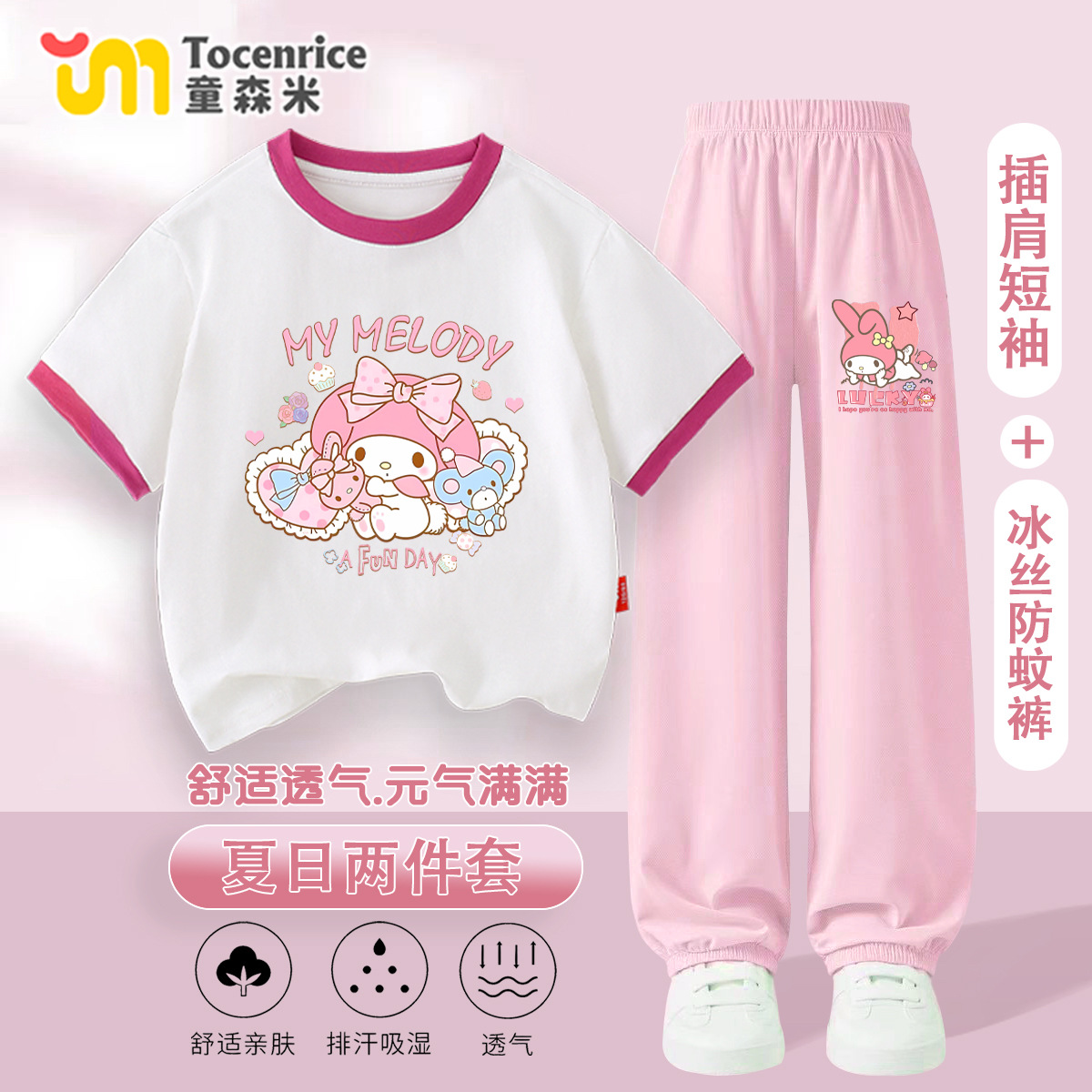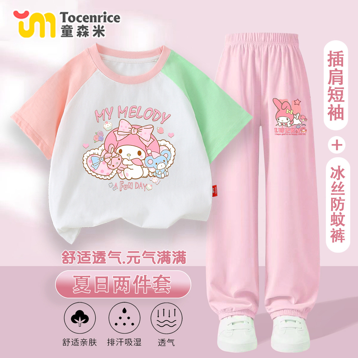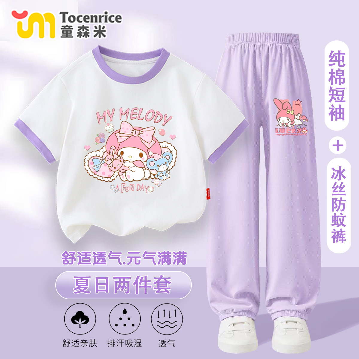 Kuromi Melody Girls 여름 정장 2025 새로운 중대형 어린이 반팔 모기 방지 바지 시원한 스포츠웨어 트렌드스토어 가기
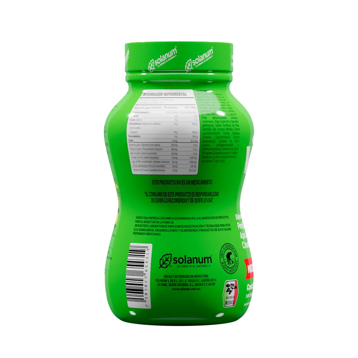 Azúcar, Maltodextrina, Salvado de Trigo (Triticum vulgare), Pencas de Nopal en polvo (Opuntia ficus-indica), Hojas y tallos de Perejil en polvo (Petroselinum crispum), Hojas y tallos de Apio en polvo (Apium graveoles), Ácido Cítrico, Semillas de Chía (Salvia hispanica), Jugo de Piña deshidratado (Ananas comosus), Alga Espirulina (Spirulina platensis), Sabor Artificial de Piña, Semilla de Linaza Molida (Linum usitatissimum), Goma Xantana, Ciruela Deshidratada (Prunus domestica), Dióxido de Silicio (cómo antiaglomerante y antihumectante), Extracto de hojas Té verde (Camellia sinensis), Fosfato Tricálcico (como antiaglomerante), Sucralosa (7 mg/100g).
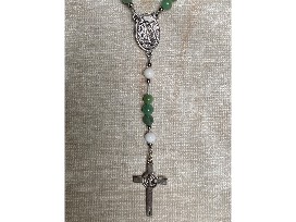This beautiful green rosary has a St. Benedict crucifix, a St. Michael Guardian Angel centerpiece, jade Hail Mary beads with river shell Our Father beads.
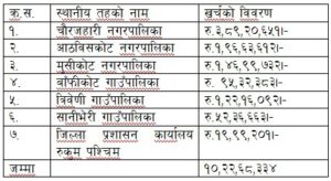 प्रमुख जिल्ला अधिकारी उपेन्द्रराज पौड्यालले जिल्ला प्रशासन कार्यालयबाट खर्च गरिएको रकमबाट सबै पालिकामा स्वास्थ्य सामग्री उपलब्ध गराइएको बताएका छन् । त्यस्तै सुरक्षाकर्मी र कर्मचारीको लागि पनि आवश्यक स्वास्थ्य सामग्री खरिद गरिएको प्रजिअ पौड्यालले जनाए । रुकुम पश्चिमका ६ वटा स्थानीय तहमध्ये सबैभन्दा वढी चौरजहारी नगरपालिकाले खर्च गरेको छ । तर रुकुममा स्थानीय तहहरुले शिक्षा क्षेत्रमा भने कुनै लगानी गरेका छैनन् ।
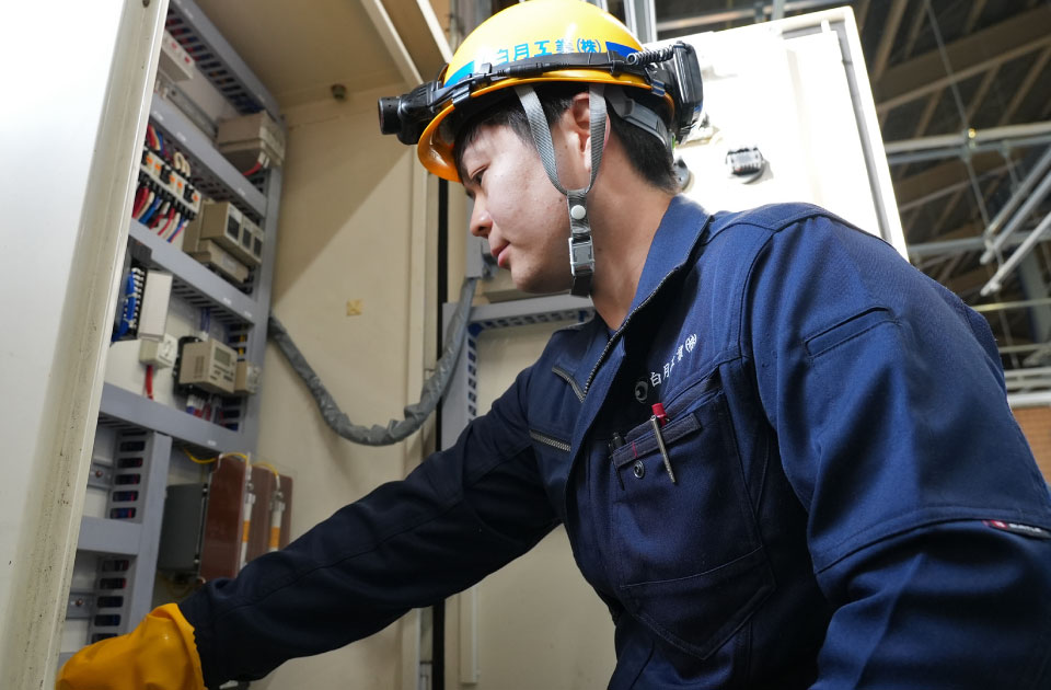 - 現在は工場のメンテナンス工事が主で仕事を行っていますが、将来的には工場やビルの新築案件にも携わりたいと考えています。
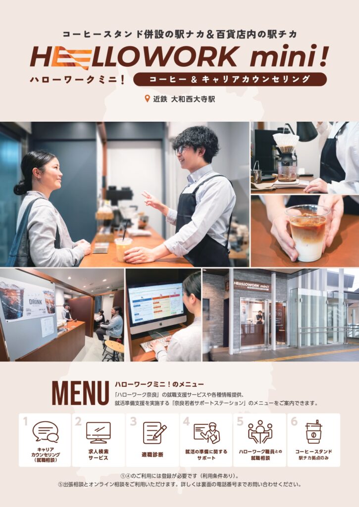 奈良労働局・近畿日本鉄道株式会社・株式会社近鉄百貨店の協力により、就業支援拠点「ハローワークミニ!」を近鉄大和西大寺駅と近鉄百貨店奈良店に開設しました。
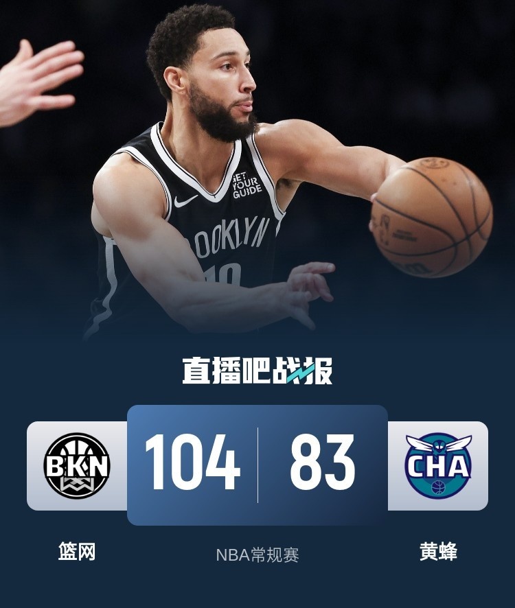 🏀约翰逊18+5 本西复出10+6 布里奇斯23+13 篮网胜黄蜂止7连败
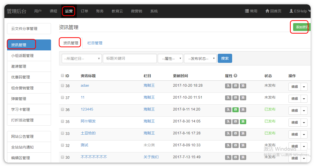 路径:【管理后台】-【运营】-【资讯管理】右上方【添加资讯】。
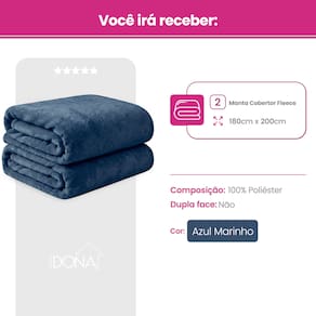 Kit 2 Mantas Cobertor Casal Microfibra Super Macio Com Conforto Térmico Premium Casa Dona - Azul Marinho
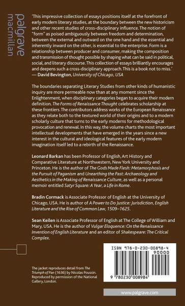 'This impressive collection of essays positions itself at the forefront of early modern literary studies, at the boundary between the new historicism and other recent studies of cross-disciplinary influence. The notion of 'form' as poised ambiguously between freedom and determination, between the external and outward on the one hand and the essential and inherently inward on the other, is essential to the enterprise. Form is a relationship between producer and consumer, making the composition and transmission of thought possible by shaping what can be said in political, social, and literary discourse. This collection of essays brilliantly encourages and deepens such a cross-disciplinary approach. This is a book not to miss.' - David Bevington, University of Chicago
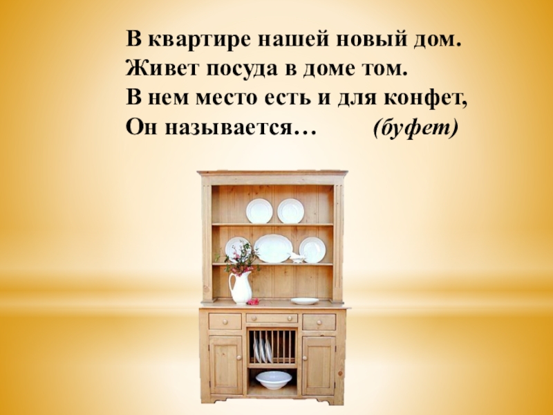 В квартире нашей новый дом.Живет посуда в доме том.В нем место есть и для конфет,Он называется…
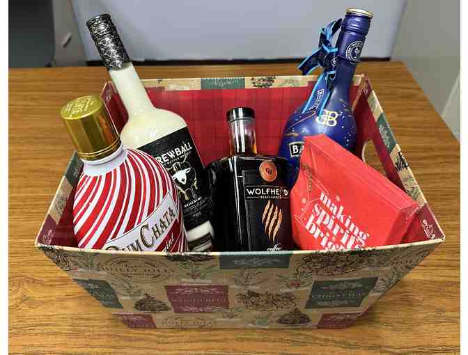 This basket features the perfect lineup for festive toasts and cozy winter nights by the fireplace. Bid now for the chance to win bottles of RumChata Peppermint, Eggnog Skrewball Whiskey, Wolfhead Distillery Coffee Whiskey, and Baileys Chocolate Liqueur. Whether you're treating yourself or looking for the ideal gift, this basket promises to elevate your winter celebrations.
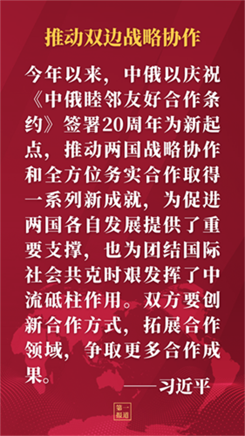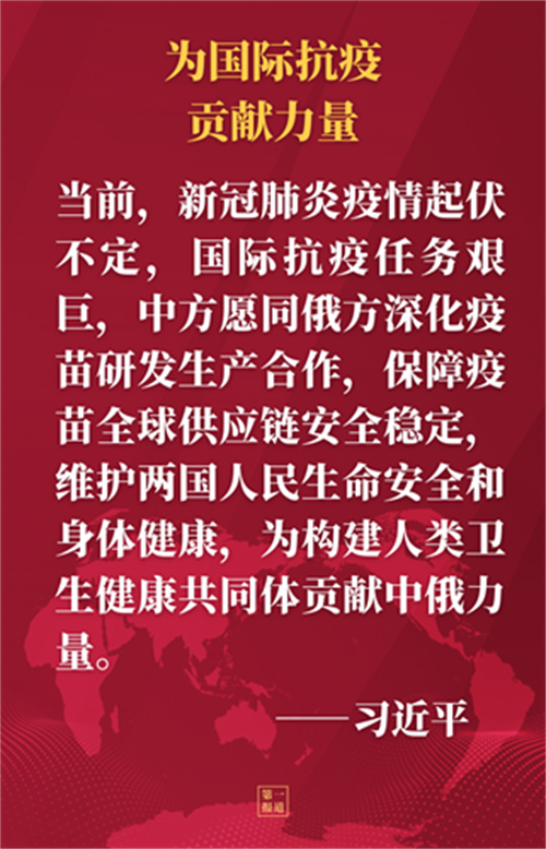 習近平指出,今年以來,中俄以慶!吨卸砟类徲押煤献鳁l約》簽署20周年為新起點,推動兩國戰(zhàn)略協(xié)作和全方位務(wù)實合作取得一系列新成就,為促進兩國各自發(fā)展提供了重要支撐,也為團結(jié)國際社會共克時艱發(fā)揮了中流砥柱作用。雙方要創(chuàng)新合作方式,拓展合作領(lǐng)域,爭取更多合作成果。當前,新冠肺炎疫情起伏不定,國際抗疫任務(wù)艱巨,中方愿同俄方深化疫苗研發(fā)生產(chǎn)合作,保障疫苗全球供應(yīng)鏈安全穩(wěn)定,維護兩國人民生命安全和身體健康,為構(gòu)建人類衛(wèi)生健康共同體貢獻中俄力量。
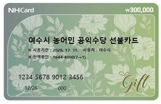 [무한뉴스=정민정 기자] 여수시는 2026년부터 농어민 공익수당 지급방식을 기존 ‘여수사랑상품권(지류형)’에서 ‘선불카드’로 전환한다고 밝혔다.
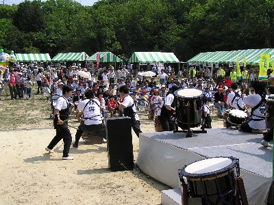 【左】「町民の森」の広場で和太鼓の演奏をしていました。
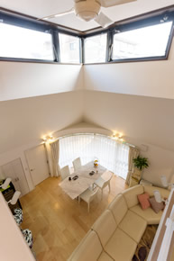 3階ホールから見下ろしたLDK。天井近くの窓から明るい光が室內(nèi)に降り注ぐ
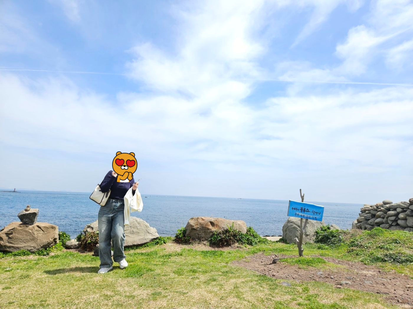 제주를 배경으로 한 드라마가 많죠? 그중에서 "우리들의 블루"에서 "정준(김우빈)"과 "영옥(한지민)"이 가파도로 놀러 간 장면이 있습니다. 섬에서 자전거도 타고 맛있는 간식과 와인도 먹고. 바로 그 장소가 가파도입니다. 그곳에서 사진 한컷 찍으며 한지민이 된 것처럼~~
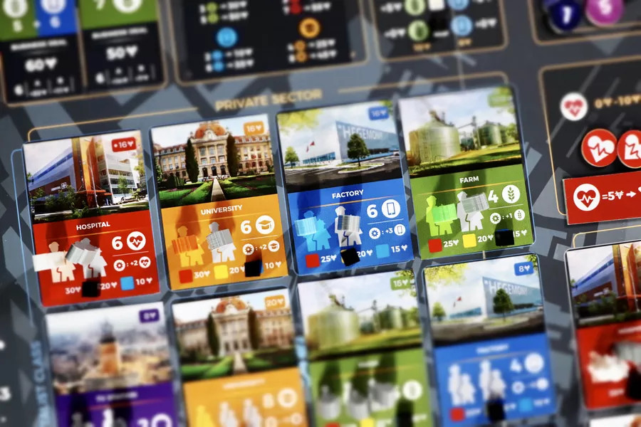 Hegemony is an asymmetric politico-economic card-driven board game for 2-4 players that puts you in the role of one of the socio-economic groups in a fictional state: The Working Class, the Middle Class, the Capitalist Class and the State itself.
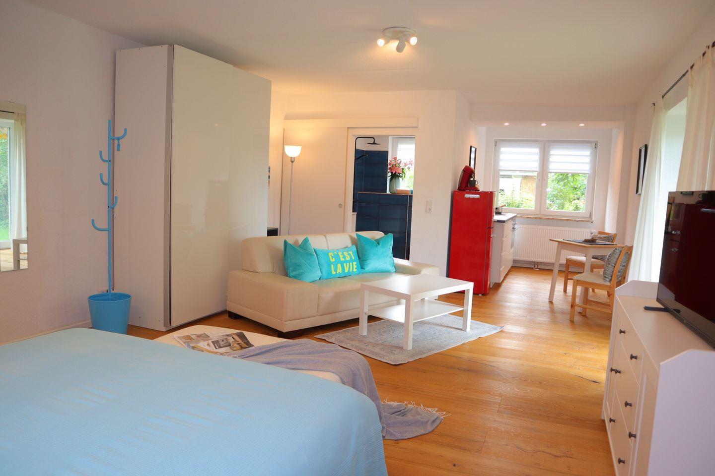 Willkommen in der Ferienwohnung „Am Deich“ – Ihrem charmanten Urlaubsdomizil, das auf 42 m² mit einem großzügigen, offenen Grundriss überzeugt. Hier verschmelzen Wohn-, Ess- und Schlafbereich zu einem harmonischen Raum, der nur durch das Badezimmer räumlich unterbrochen ist – perfekt für Paare, Alleinreisende oder junge Familien mit Kleinkind.
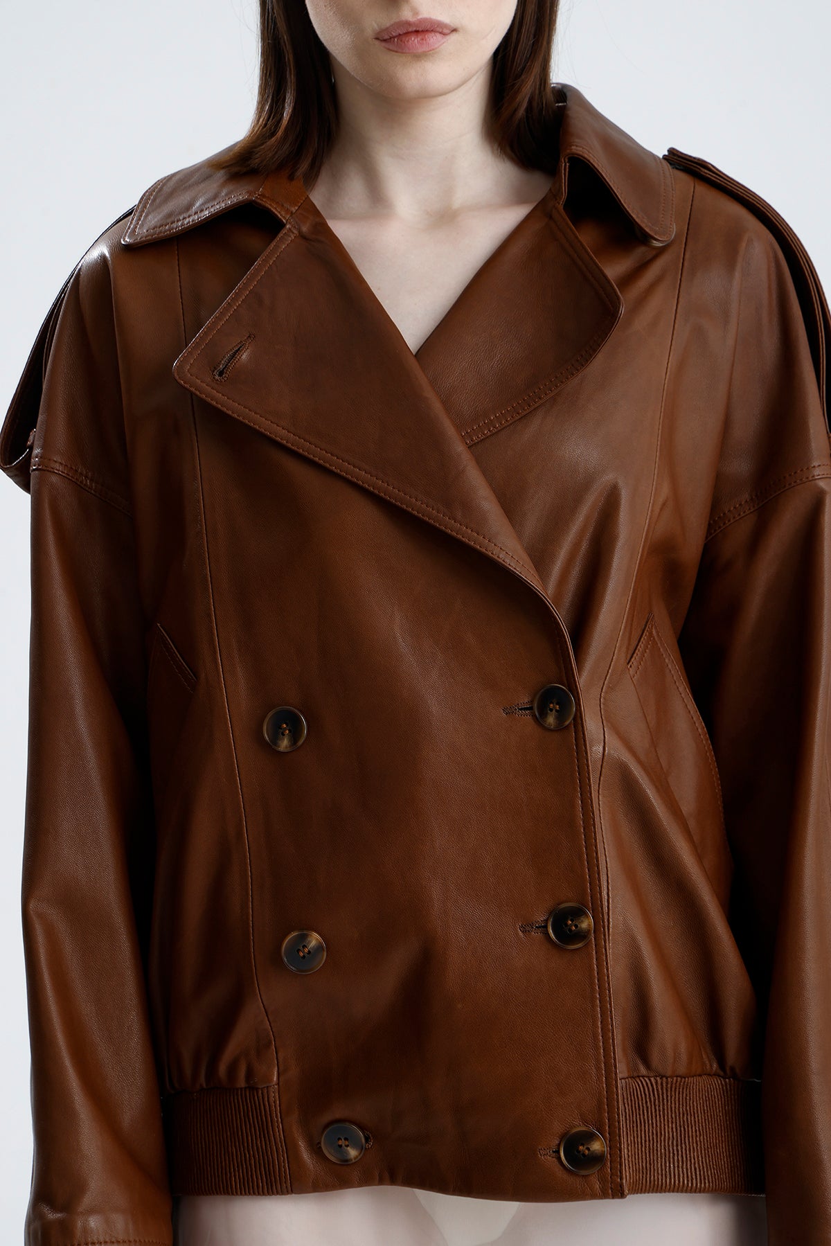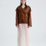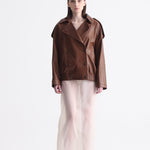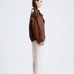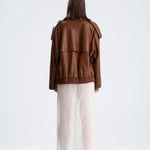 Drew is a sleek biker style jacket in terra flame lamb leather. Its cropped fit and fiery tone makes it a statement essential designed for women who like their classics with a modern edge.
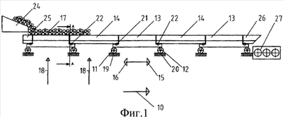 На фиг.1 также видно, что горячий охлаждаемый цементный клинкер 17, падающий из разгрузочного конца вращающейся трубчатой печи, вначале через статическую неподвижную предрешетку 24 соскальзывает на совершающий возвратно-поступательное движение концевой элемент 25, который посредством шарнира сцеплен с передней стороной первого несущего модуля 13. К последнему несущему модулю 13 может быть присоединен концевой модуль 26, через который охлажденный цементный клинкер передается на валковую дробилку 27.
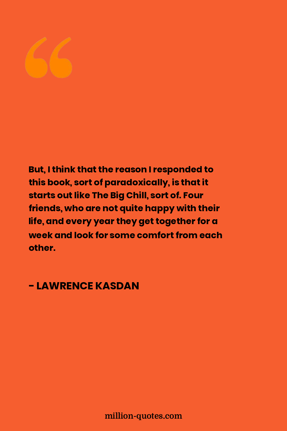 But, I think that the reason I responded to this book, sort of paradoxically, is that it starts out like The Big Chill, sort of. Four friends, who are not quite happy with their life, and every year they get together for a week and look for some comfort from each other.

• _ASSIGNMENT_
A word-for-word reproduction is needed of the lines above from the line containing "習近平指出,今年以來,中俄以" through the line containing "Drew is a sleek", with both ends kept and no pictures.

• _ANSWER TO THE PROBLEM_
 習近平指出,今年以來,中俄以慶!吨卸砟类徲押煤献鳁l約》簽署20周年為新起點,推動兩國戰(zhàn)略協(xié)作和全方位務(wù)實合作取得一系列新成就,為促進兩國各自發(fā)展提供了重要支撐,也為團結(jié)國際社會共克時艱發(fā)揮了中流砥柱作用。雙方要創(chuàng)新合作方式,拓展合作領(lǐng)域,爭取更多合作成果。當前,新冠肺炎疫情起伏不定,國際抗疫任務(wù)艱巨,中方愿同俄方深化疫苗研發(fā)生產(chǎn)合作,保障疫苗全球供應(yīng)鏈安全穩(wěn)定,維護兩國人民生命安全和身體健康,為構(gòu)建人類衛(wèi)生健康共同體貢獻中俄力量。
 [무한뉴스=정민정 기자] 여수시는 2026년부터 농어민 공익수당 지급방식을 기존 ‘여수사랑상품권(지류형)’에서 ‘선불카드’로 전환한다고 밝혔다.
 【左】「町民の森」の広場で和太鼓の演奏をしていました。
 3階ホールから見下ろしたLDK。天井近くの窓から明るい光が室內(nèi)に降り注ぐ
 제주를 배경으로 한 드라마가 많죠? 그중에서 "우리들의 블루"에서 "정준(김우빈)"과 "영옥(한지민)"이 가파도로 놀러 간 장면이 있습니다. 섬에서 자전거도 타고 맛있는 간식과 와인도 먹고. 바로 그 장소가 가파도입니다. 그곳에서 사진 한컷 찍으며 한지민이 된 것처럼~~
 Hegemony is an asymmetric politico-economic card-driven board game for 2-4 players that puts you in the role of one of the socio-economic groups in a fictional state: The Working Class, the Middle Class, the Capitalist Class and the State itself.
 Willkommen in der Ferienwohnung „Am Deich“ – Ihrem charmanten Urlaubsdomizil, das auf 42 m² mit einem großzügigen, offenen Grundriss überzeugt. Hier verschmelzen Wohn-, Ess- und Schlafbereich zu einem harmonischen Raum, der nur durch das Badezimmer räumlich unterbrochen ist – perfekt für Paare, Alleinreisende oder junge Familien mit Kleinkind.
 Drew is a sleek biker style jacket in terra flame lamb leather. Its cropped fit and fiery tone makes it a statement essential designed for women who like their classics with a modern edge.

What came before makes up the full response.